_Provided data_.
______

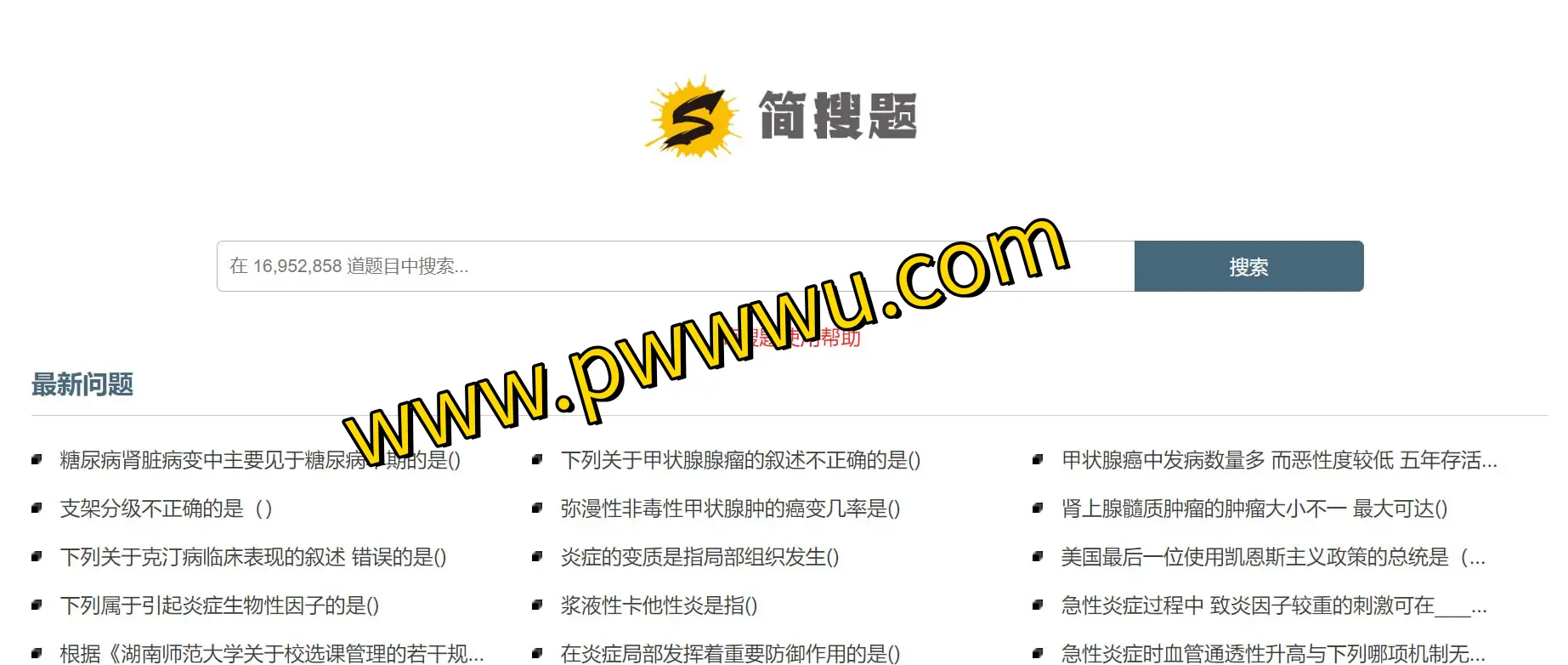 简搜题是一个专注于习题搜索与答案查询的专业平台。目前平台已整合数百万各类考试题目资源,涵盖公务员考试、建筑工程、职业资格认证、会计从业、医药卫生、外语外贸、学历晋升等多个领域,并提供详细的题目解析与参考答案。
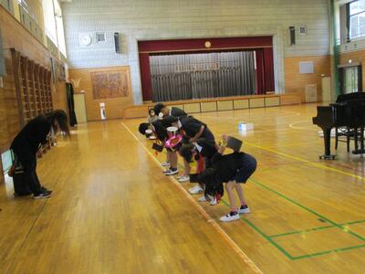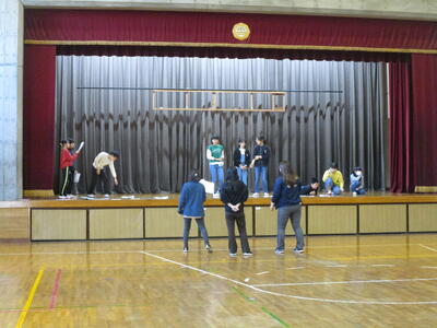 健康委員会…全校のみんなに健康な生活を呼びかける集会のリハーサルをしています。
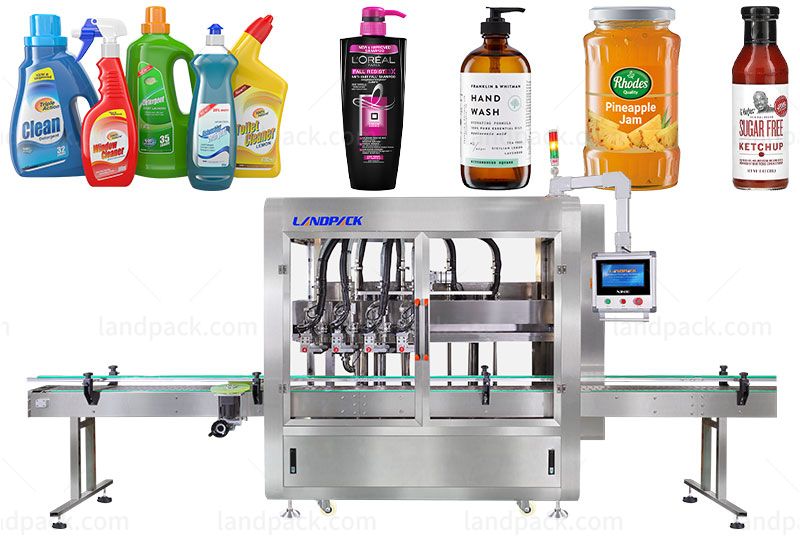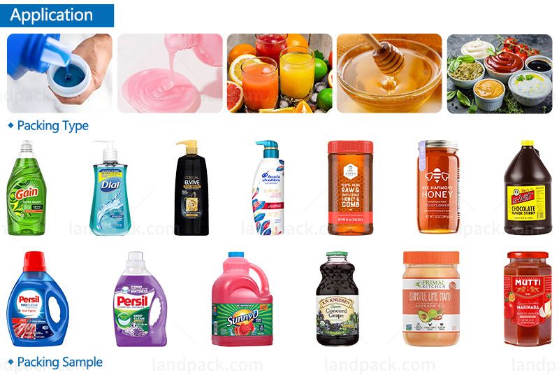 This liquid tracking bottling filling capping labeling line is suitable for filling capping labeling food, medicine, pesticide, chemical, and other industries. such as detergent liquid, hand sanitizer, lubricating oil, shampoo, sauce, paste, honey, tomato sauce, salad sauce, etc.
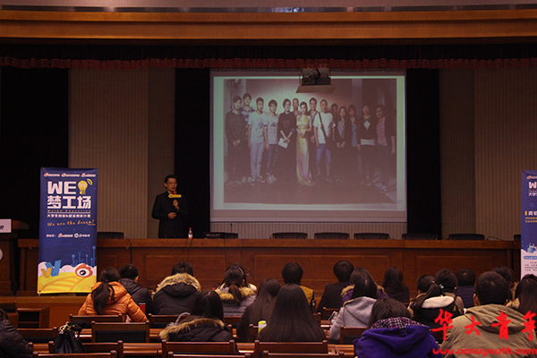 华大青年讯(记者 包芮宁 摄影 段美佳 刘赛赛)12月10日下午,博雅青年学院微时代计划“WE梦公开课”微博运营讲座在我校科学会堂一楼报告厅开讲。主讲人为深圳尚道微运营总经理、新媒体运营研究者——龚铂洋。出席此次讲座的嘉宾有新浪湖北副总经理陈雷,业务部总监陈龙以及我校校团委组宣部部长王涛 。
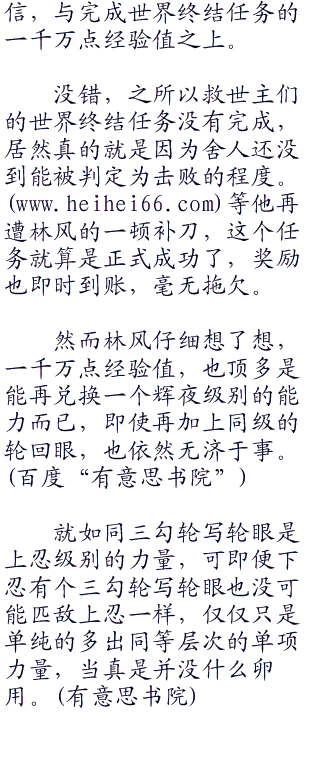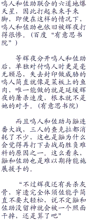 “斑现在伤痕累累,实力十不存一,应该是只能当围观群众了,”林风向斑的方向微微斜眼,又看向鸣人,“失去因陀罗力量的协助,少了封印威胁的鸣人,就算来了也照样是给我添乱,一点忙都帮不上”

______

Your copy of the data should match it exactly, apart from the images, which are omitted.

_Solved problem_.
 简搜题是一个专注于习题搜索与答案查询的专业平台。目前平台已整合数百万各类考试题目资源,涵盖公务员考试、建筑工程、职业资格认证、会计从业、医药卫生、外语外贸、学历晋升等多个领域,并提供详细的题目解析与参考答案。
 健康委員会…全校のみんなに健康な生活を呼びかける集会のリハーサルをしています。
 This liquid tracking bottling filling capping labeling line is suitable for filling capping labeling food, medicine, pesticide, chemical, and other industries. such as detergent liquid, hand sanitizer, lubricating oil, shampoo, sauce, paste, honey, tomato sauce, salad sauce, etc.
 华大青年讯(记者 包芮宁 摄影 段美佳 刘赛赛)12月10日下午,博雅青年学院微时代计划“WE梦公开课”微博运营讲座在我校科学会堂一楼报告厅开讲。主讲人为深圳尚道微运营总经理、新媒体运营研究者——龚铂洋。出席此次讲座的嘉宾有新浪湖北副总经理陈雷,业务部总监陈龙以及我校校团委组宣部部长王涛 。
 “斑现在伤痕累累,实力十不存一,应该是只能当围观群众了,”林风向斑的方向微微斜眼,又看向鸣人,“失去因陀罗力量的协助,少了封印威胁的鸣人,就算来了也照样是给我添乱,一点忙都帮不上”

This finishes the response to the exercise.